Extracted entries
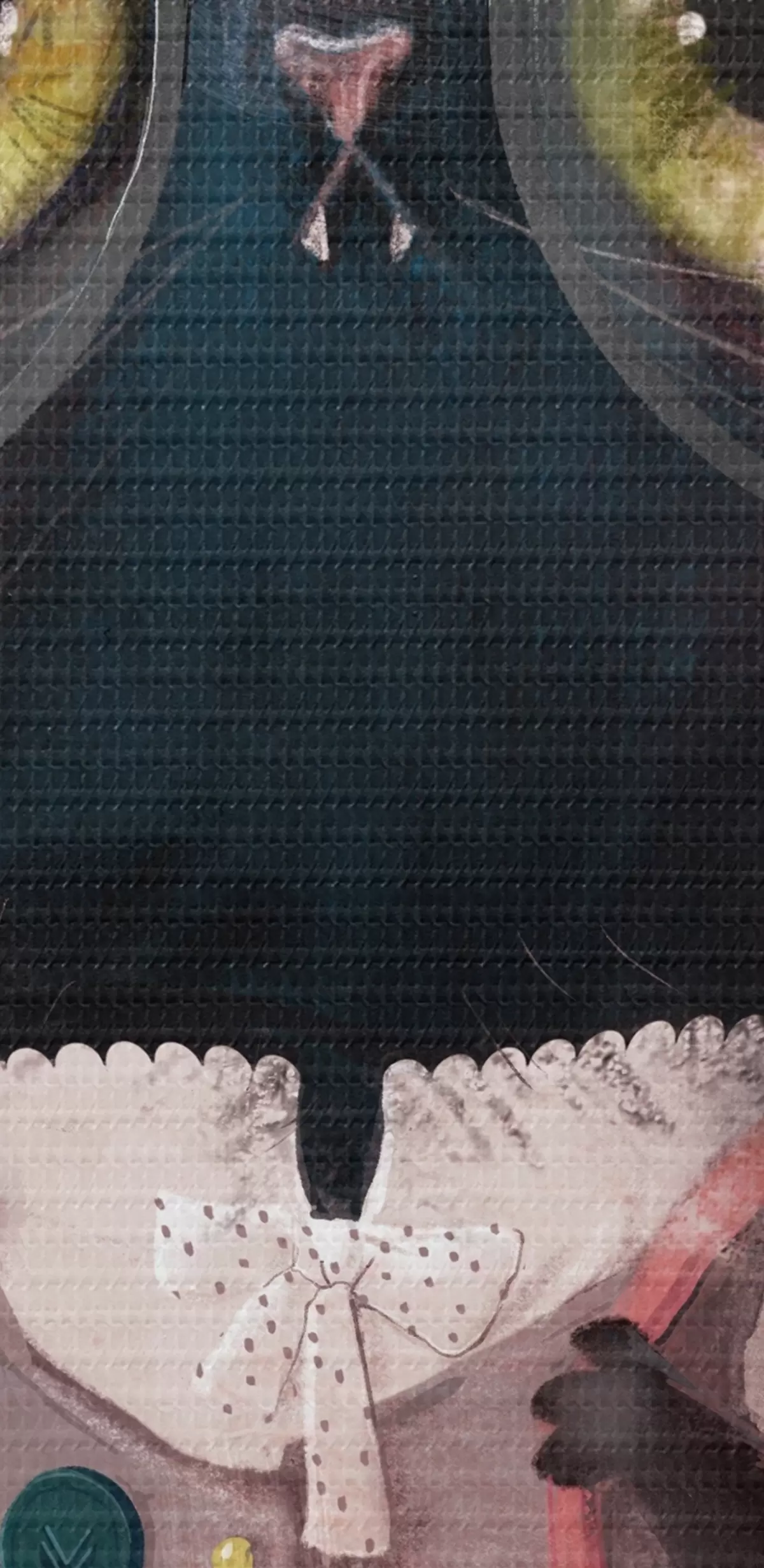 Smalkais diegu pinums uz šī audekla atgādina profesionālu mākslinieku audeklu virsmu.
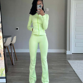 Entdecken Sie unser Damen Sportliches Fitness-Outfit, das für maximalen Komfort und Stil entwickelt wurde. Dieses moderne Ensemble kombiniert ein enganliegendes Langarm-Oberteil mit einem durchgehenden Reißverschluss und weiten Sporthosen, die perfekt für Ihre täglichen Aktivitäten oder das Fitnessstudio geeignet sind.
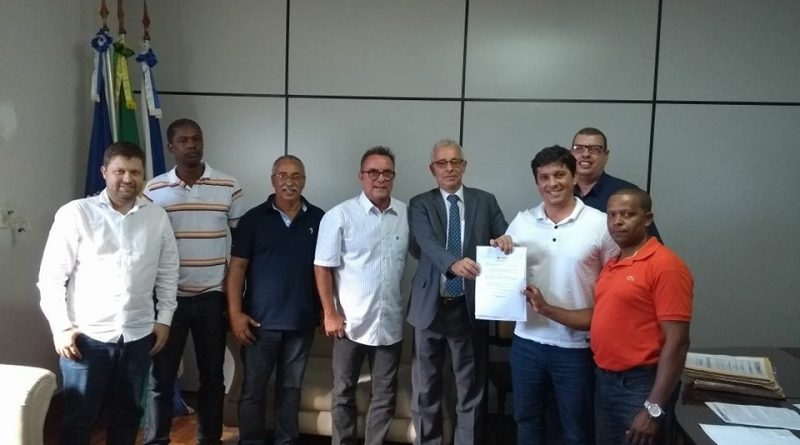 Legenda foto: Prefeito Léo Coutinho, o Juiz da Comarca de Porciúncula, Dr. Marco Antônio Abreu, o Procurador do Município, Dr. Rullian Martins, o Vereador Josiel de Souza, o Diretor da Federação, Marcos Francisco Alvim, e o Coordenador Regional da Federação de Futebol do Rio de Janeiro, Celso Nunes Oliveira.
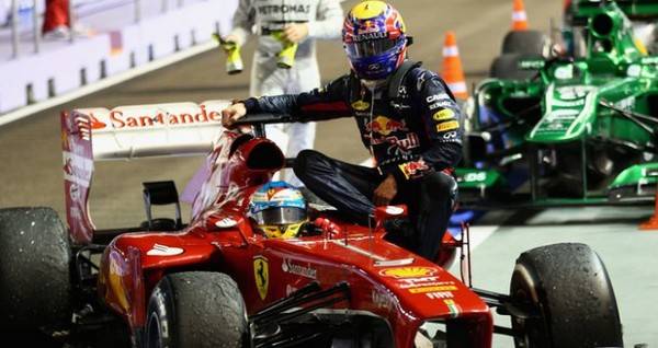 Марк Вебер поради дефект на болидот не успеа да го извози последниот круг од неделната трка. Алонсо го забележал пријателот на стазата и одлучил да го однесе до гаражата.
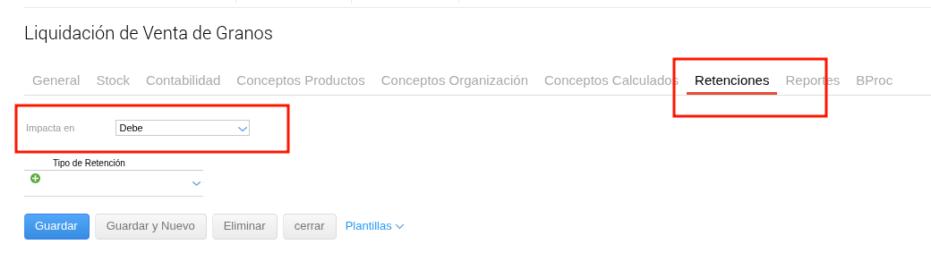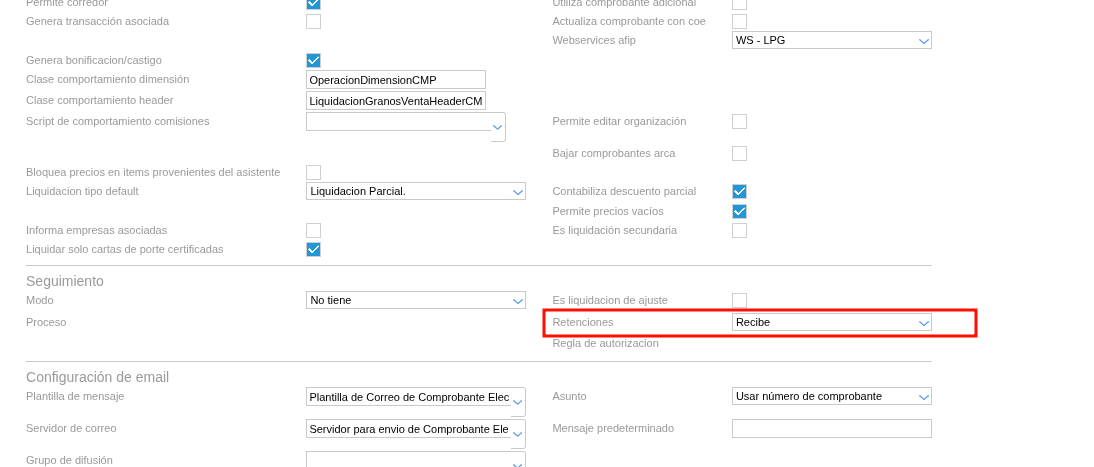 En la solapa General del tipo de documento “Liquidación de Venta de Granos”, el campo Retenciones debe estar configurado como RECIBE:

The task
Every entry above should be given again exactly, with no images included.

Answer section
 Smalkais diegu pinums uz šī audekla atgādina profesionālu mākslinieku audeklu virsmu.
 Entdecken Sie unser Damen Sportliches Fitness-Outfit, das für maximalen Komfort und Stil entwickelt wurde. Dieses moderne Ensemble kombiniert ein enganliegendes Langarm-Oberteil mit einem durchgehenden Reißverschluss und weiten Sporthosen, die perfekt für Ihre täglichen Aktivitäten oder das Fitnessstudio geeignet sind.
 Legenda foto: Prefeito Léo Coutinho, o Juiz da Comarca de Porciúncula, Dr. Marco Antônio Abreu, o Procurador do Município, Dr. Rullian Martins, o Vereador Josiel de Souza, o Diretor da Federação, Marcos Francisco Alvim, e o Coordenador Regional da Federação de Futebol do Rio de Janeiro, Celso Nunes Oliveira.
 Марк Вебер поради дефект на болидот не успеа да го извози последниот круг од неделната трка. Алонсо го забележал пријателот на стазата и одлучил да го однесе до гаражата.
 En la solapa General del tipo de documento “Liquidación de Venta de Granos”, el campo Retenciones debe estar configurado como RECIBE:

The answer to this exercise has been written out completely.